Structural engineer: Buggy Whip building can be repaired

Tipp City officials earlier said the partially collapsed building poses an ‘imminent danger’

Credit: DaytonDailyNews

A structural engineer who said he did “a thorough study” of the interior and exterior of the Buggy Whip building in downtown Tipp City found it does not pose a threat and could be repaired.

The findings were reported in a letter dated Thursday to Blake Senseman of Vandalia, owner of the building at 216 E. Main St., where building officials said a partial collapse of a floor into the basement occurred Sunday afternoon. That led to the closing of Main Street (Ohio 571) from the downtown east to Ohio 202 from Sunday afternoon until Wednesday afternoon.

>> RELATED: Part of historic building collapses in downtown Tipp City, blocks road

The closing came as the city on Monday delivered notice to the owner that the building after an exterior review by a city contract engineer and a review by the Miami County building department was “an unsafe structure and an imminent danger.”

The Thursday letter from Larry L. Fast, a forensic engineer from Sylvania, Ohio, met a 5 p.m. Thursday deadline set by city for a response from Senseman. He was ordered by the city to either present a notice from a licensed structural engineer that the building didn’t offer an imminent threat and could be put into a safe condition or to raze the building.

>> RELATED: Tipp City: Collapsed historic building poses ‘imminent threat’

With the Fast letter, John Green, city finance director and acting city manager, contacted other city officials and suggested the city hold off on any enforcement action. The issue should be revisited early next week, Green said in the email to City Manager Tim Eggleston, Law Director Jonathan Freeman and others.

“We will still need to pursue Mr. Senseman for a schedule regarding when he will make the necessary repairs to comply with the Miami County building codes and Tipp City Zoning Codes,” Green said in the email.

The building was constructed in the late 1880s on the site of a mill that had been destroyed by fire, according to information from the Tippecanoe Historical Society. It was the home of a company that made whips for operators of horse drawn buggies. It later was a blacksmith shop, an auto dealership and an antique business.

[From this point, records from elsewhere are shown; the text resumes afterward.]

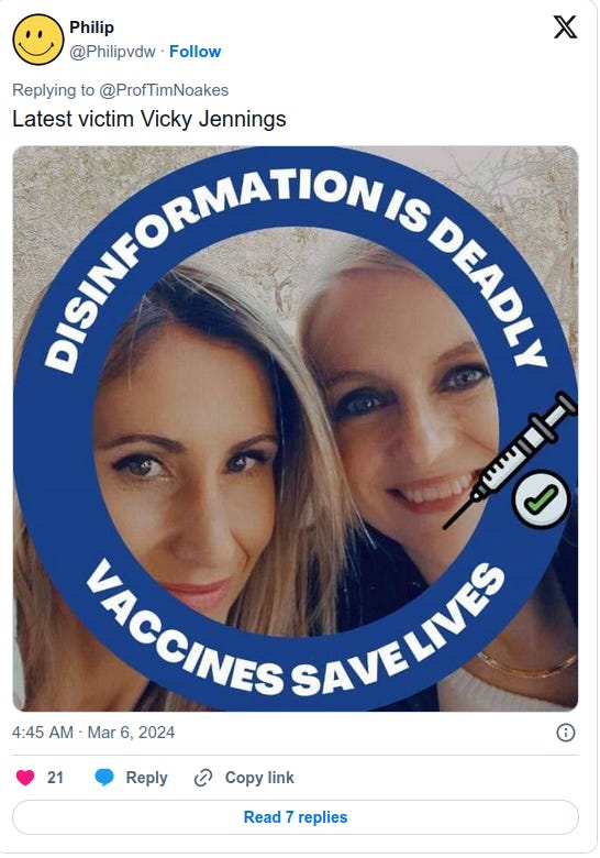 Jennings often posted pro-vaccine propaganda that urged people to take Covid mRNA injections.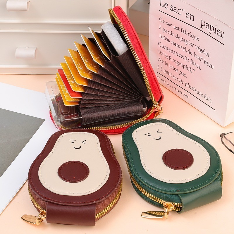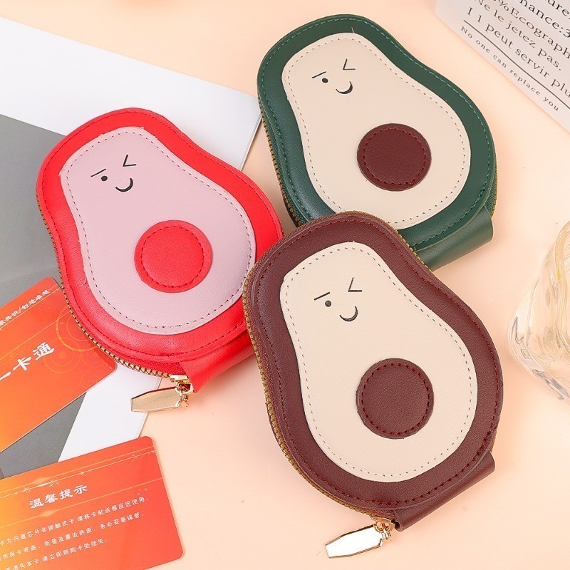 Estojo Criativo Para Cartão De Abacate-Carteira De Couro PU-Mini Bolsa Moedas Com Zíper-Porta-Cartões De Identificação Multifuncional-Impermeável , Fino , Portátil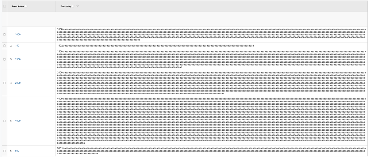 @googleanalytics Custom Dimensions? Nah. Seems to work with at least up to 4000 chars.#measurepic.twitter.com/TJZ2TSkAnf
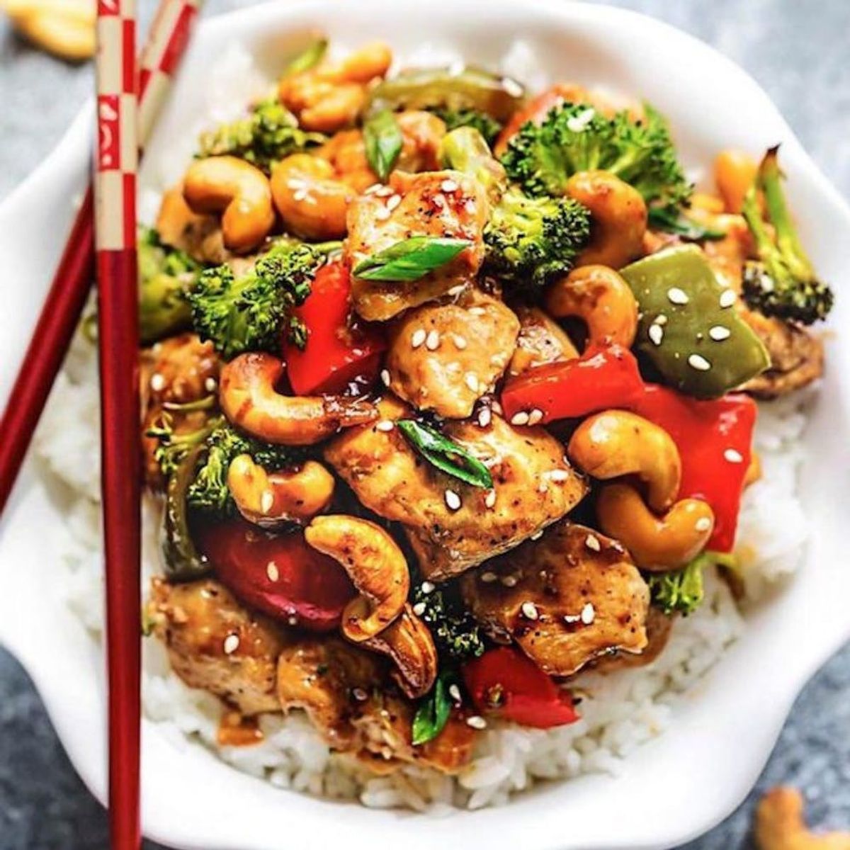 6. Toss it all in oil, and season with salt and pepper. Your main ingredients should get coated with some kind of oil or fat to prevent sticking and encourage all of that yummy caramelization that happens in the oven. Or, whisk together a simple sauce, like the soy-sauce-based version in this Cashew Chicken. In addition to salt and pepper, you can also add dried or fresh herbs. Choose woodsy ones like thyme, oregano, and sage, which stand up well in the oven. (via The Recipe Critic)

Fast wrote in letter that the building “does not pose a threat to the public.” If a wall that some feared might collapse would have collapsed, it would have been eastward into a grove of trees and not north toward the street, he said.

“The building, under qualified structural engineering directions, may be repaired so that it may be occupied and continue to be a part of Tipp City’s historic district to attract tourism,” Fast wrote.